How to Test Water Quality
Water quality testing ranges from simple household methods to laboratory analysis. The appropriate level of testing depends on the water source and the suspected contaminants.
Home testing kits measure pH, total dissolved solids (TDS), chlorine residual, hardness, and basic bacterial presence (using coliform test strips). These kits cost £10–£30 and provide results within minutes to 48 hours. They are suitable for screening but not definitive for all contaminants.
Laboratory analysis provides precise measurement of specific chemicals (arsenic, lead, nitrates, pesticides) and microbiological counts. UK residents can request water testing through their local water company or through private accredited laboratories. A comprehensive chemical and microbiological panel typically costs £50–£150.
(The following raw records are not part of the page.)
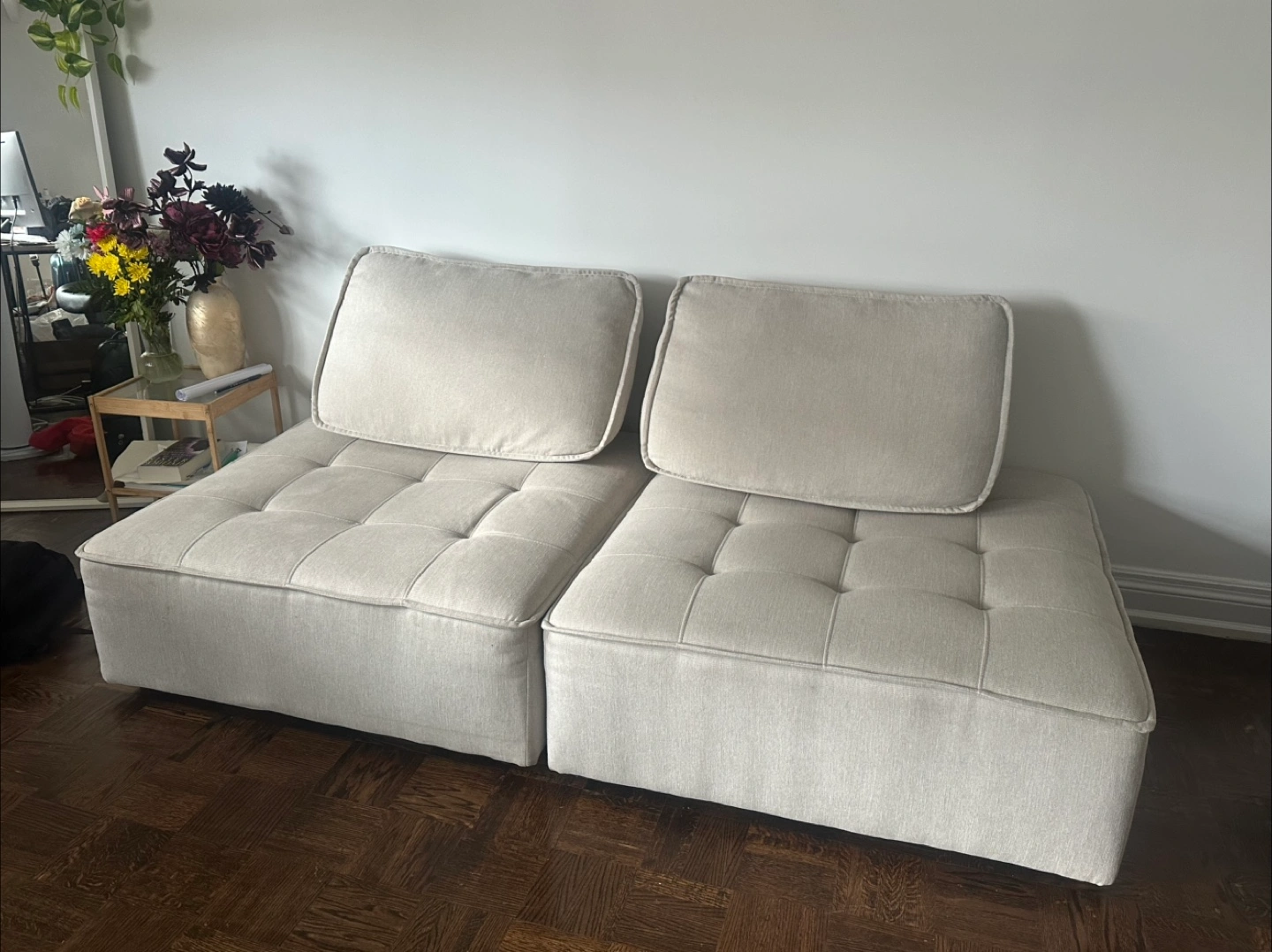 Structure two piece couch set (can be bought together or separately). Weighted backrests can be positioned anywhere, allowing for a truly customizable lounge experience. 1 year old
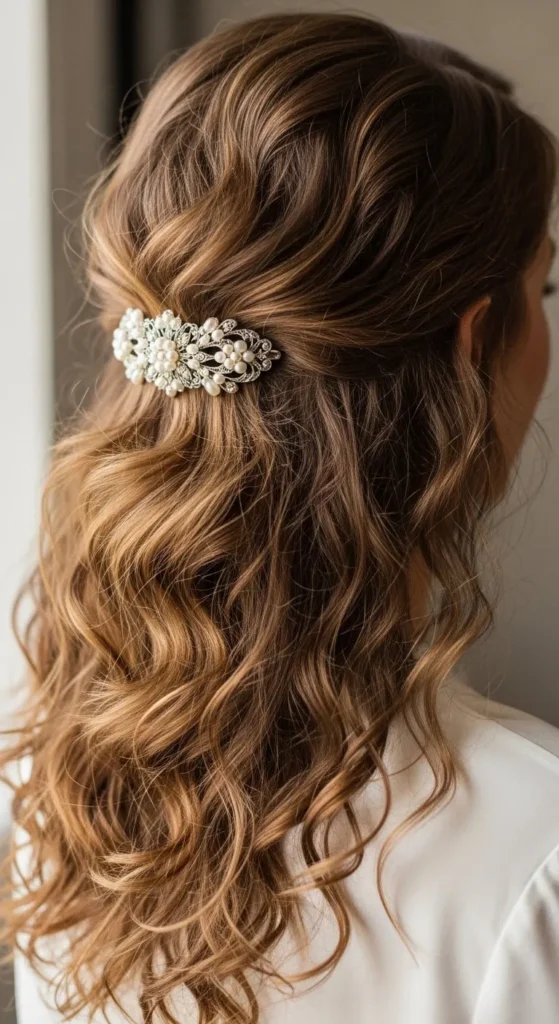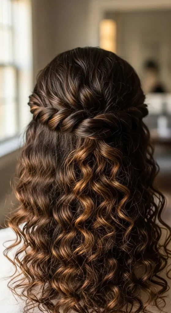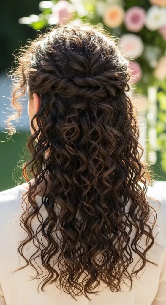 Half crown twists create a balanced, stylish look. Take front sections from both sides, twist, and secure at the back. Let the rest of your curls hang free. Works well for medium to long hair. Add small hair accessories if you want flair. Low-cost, easy to do at home, and adds a touch of elegance to natural curls.
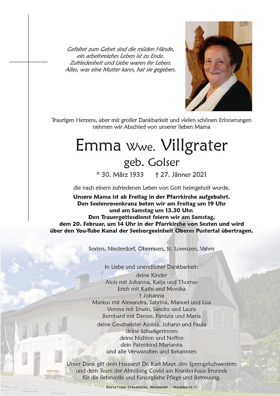 Den Trauergottesdienst feiern wir am Samstag, dem 20. Februar, um 14 Uhr in der Pfarrkirche von Sexten und wird über den You-Tube Kanal der Seelsorgeeinheit Oberes Pustertal übertragen.

Field testing in developing regions uses portable kits designed for rapid assessment of the most dangerous contaminants — E. coli, arsenic, fluoride, and nitrates. These tests are used by organisations installing water infrastructure to verify that a new borehole produces water meeting safety standards before a pump is fitted.
The constraint is that testing provides a snapshot at a single point in time. Water quality can change seasonally (monsoon contamination, drought concentration) and over years (aquifer depletion, new upstream pollution sources). Regular retesting is essential for any water source relied upon for daily consumption.
Why Water Quality Determines Whether Water Heals or Harms
The health benefits of drinking water — improved digestion, kidney function, brain performance, immune support — only apply when that water is clean. Contaminated water does not hydrate safely. It introduces pathogens that cause diarrhoea (which accelerates dehydration), chemicals that damage organs over time, and particles whose long-term effects are still being researched.
For communities without access to tested and treated water, the quality question is existential. A hand water pump drawing from a protected borehole at 30 metres depth provides naturally filtered groundwater that meets safe drinking standards without chemical treatment. This is why water pump installations prioritise borehole site surveys — the quality of the water source determines everything about the health outcome for the community that depends on it.